Отец Николай покачал головой:
– Нет, лично знаком не был. Его ведь считали, сколько помнится, велемудрым, даже заумным поэтом с редкостными интересами, но несчастливой судьбой, а люди всюду, к прискорбию, таковы, что плохо относятся к неудачникам и несчастливцам. Блажен он, если сам себя несчастливым не считал, не просто ему жилось. Я осведомлён мало, вернее, почти совсем не знаком с его творчеством.

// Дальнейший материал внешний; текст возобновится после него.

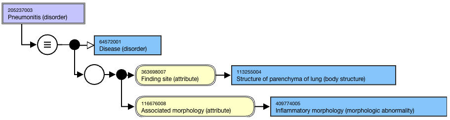 <figure><img src="https://github.com/SNOMED-Documents/snomed-editorial-guide/blob/main/authoring/clinical-finding-and-disorder/images/225051456.png" alt=""><figcaption><p>Figure: Stated view of 205237003 |Pneumonitis (disorder)|</p></figcaption></figure>
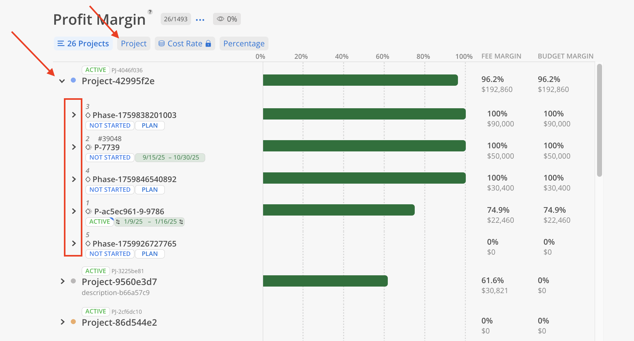 Expand a Project reveals a detailed breakdown of profitability by Phases and Subphases, allowing for deeper analysis of where profits are being generated or lost within the Project structure.
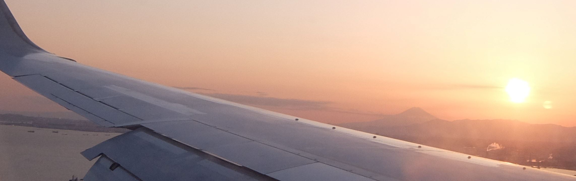 夕暮れ時、もうすぐ羽田、富士山と夕日が窓から見えました。
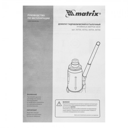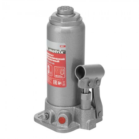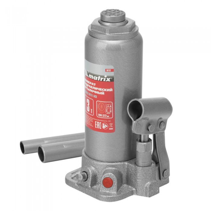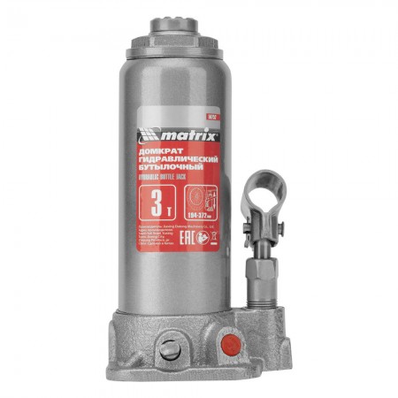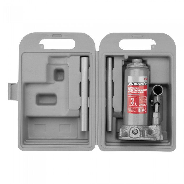 Домкрат гидравлический бутылочный, 3 т, высота подъема 194-372 мм, в пластиковый кейсе Matrix
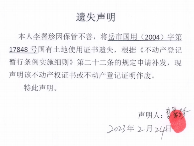 遗失声明(李署珍)

– Позвольте мне, отче, напомнить из его вещи «Доски судьбы»: «Похожие на дерево уравнения времени, простые как ствол в основании, и гибкие и живущие сложной жизнью ветвями своих степеней, где сосредоточен мозг и живая душа уравнений, казались перевёрнутыми уравнениями пространства, где громадное число основания увенчано или единицей, двойкой, или тройкой, но не далее. Это два обратных движения в одном протяжении счёта, решил я. Я видел их зрительно: горы, громадные глыбы основания, на которых присела отдыхать птица степени, птица сознания для пространства. И точно тонкие стволы деревьев, ветки с цветами и живыми птицами, порхающими по ним, казалось время». Но чтобы двигаться от его образной философской системы не вслепую, надо обладать таким же даром его образного видения и владеть языком его поэтики, чего у большинства из нас, включая меня, признаюсь, и в помине не бывало. И сейчас я на распутье…

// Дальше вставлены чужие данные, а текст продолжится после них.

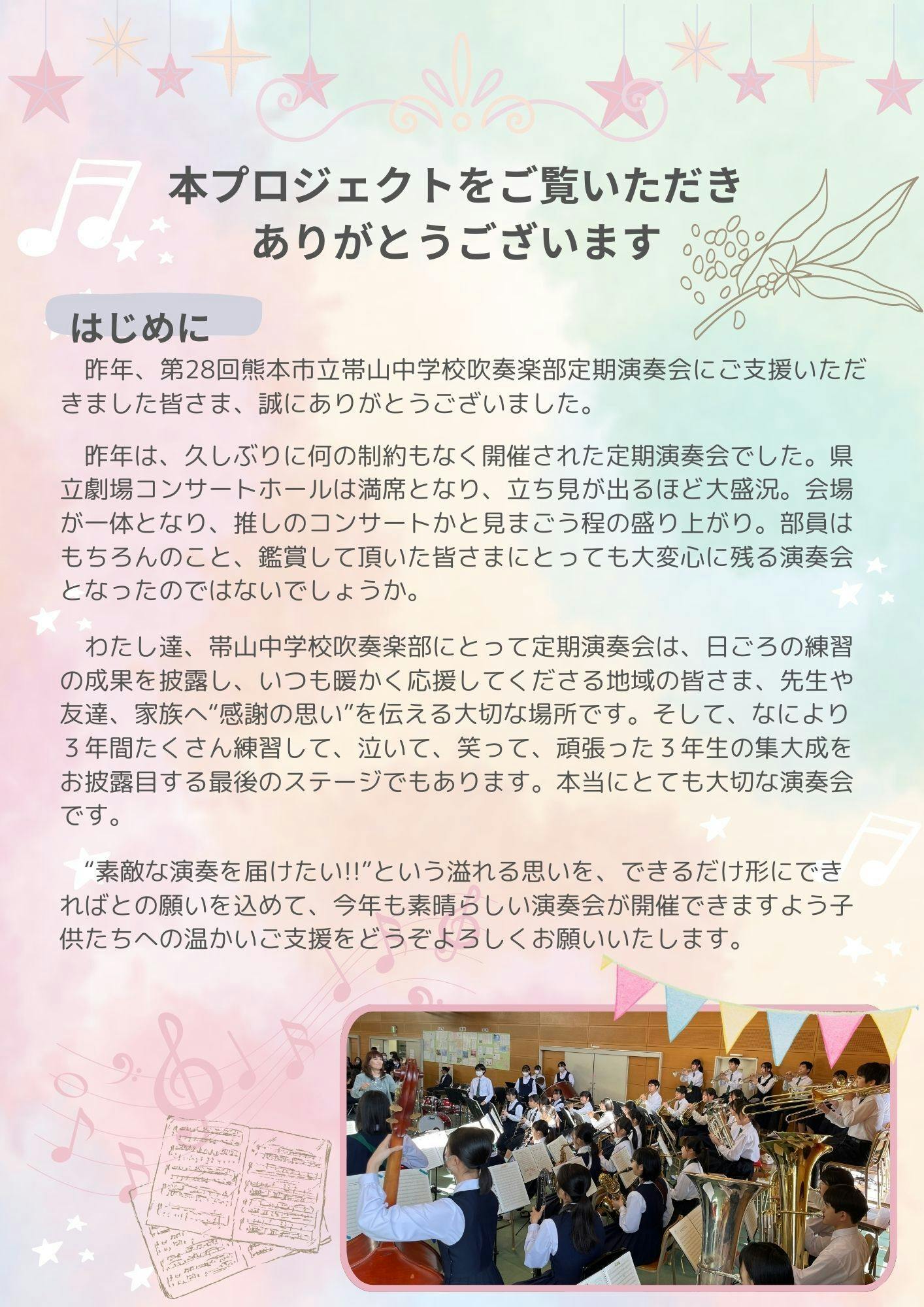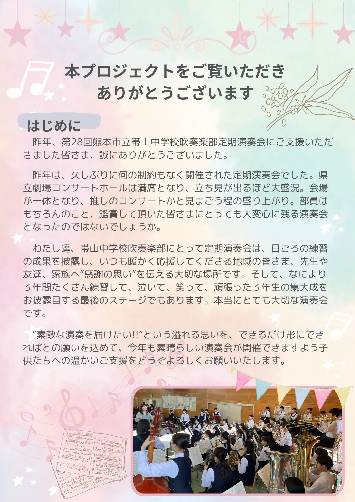 このプロジェクトが成功することで、全国の吹奏楽部の希望となり、学生達の輝く未来へつながって行くことを願っています。たくさんのご支援をお待ちしています。
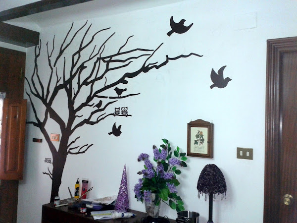 Os quiero mostrar el último mural que acabo de pintar. Se trata de simular un vinilo de los que venden de decoración pero en lugar de ello hacer una imitación pintándolo con pintura acrílica sobre la pared.

– Теперь я лучше понимаю вас, – сказал отец Николай. – Да только цифровая система в сфере символик была весьма проста и потому даже на интуитивном уровне понятна многим. Однако вы и её можете использовать в своей работе. Единица – число один – раскрывало верующим смысл единства Бога. Двойка – смысл двуединой природы Христа…»
…Вот о чём забыл я и ищу, вспоминаю значение числа «два»:
Бог – потом Человек, как сын, творение и раб Божий, если я сейчас в кабине «Сверхкрепости» верно восстанавливаю смысл некогда высказанного отцом Николаем. Для меня сейчас жизненно важны именно такие и понятие и очерёдность соотношения: Бог – Человек. Но ведь соблазнительно трактовать и в обратном соотношении: Человек – Бог. Вот он я – человек, которому требуется то-то и то-то. Вот и дай, Господи, мне…

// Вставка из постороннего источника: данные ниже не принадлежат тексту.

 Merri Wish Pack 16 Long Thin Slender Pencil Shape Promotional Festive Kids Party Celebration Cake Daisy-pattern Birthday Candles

Так-так… Есть вопрос. Так ли? Так ли, там ли? Как довоенный аппарат системы Бодо для телеграфной связи: «там ли – там ли»… Осязаемо, потому самоочевидно. Тик-так. Как внутренний метроном. Так-так. Так-то: на трезвые очи никто Бога не видел. Если Он и есть, так ведь где-то. Он самодостаточен, у Него есть всё, Он ни в чём не нуждается. А вот мне – требуется… Или требуются… И таким образом многие соблазняются. И трактуют так, потому что им кажется, что подобным образом они освобождаются от оков, наложенных на их свободные желания Богом… Желаниям несть числа. И грехам… Мне надо не потерять сознание… А при чём здесь число «два»? Что оно означает?.. Что означает лично для меня число «два»?..
«… – Тройка, число «три», – продолжал между тем отец Николай, – это принятое в христианстве триединство Бога: Бог – Отец, Бог – Сын, Бог – Дух Святый.
Четвёрка, «четыре» – это уже символ окружающего нас материального мира, составленного из четырёх элементов (воздуха, огня, земли и воды) и имеющего четыре ст о роны света: «…поклонился на все четыре ст о роны…»
Вдумайтесь, сколь важно было осознать, что Свет, необозримый для смертного, прилепленного к земле, всё же познаваем – двигайся по любому из четырёх направлений, но по одному – единственному, потому что невозможно идти во все стороны сразу. Кроме того, четыре – это и неодушевлённый, – здесь отец Николай усмехнулся с неожиданной иронией, – я сказал бы, неодухотворённый, то есть неживущий, человек. В старой русской деревне о таких в мои далёкие юные годы говорили: «неживущ о й». Обесчувствленный, обессмысленный, несбывшийся, несостоявшийся человек. Принято сожалеть о подобных нереализовавшихся людях, только ведь Бог любую шельму метит, таких, без злорадства замечу, тоже. Какая-то да ведь есть тому причина…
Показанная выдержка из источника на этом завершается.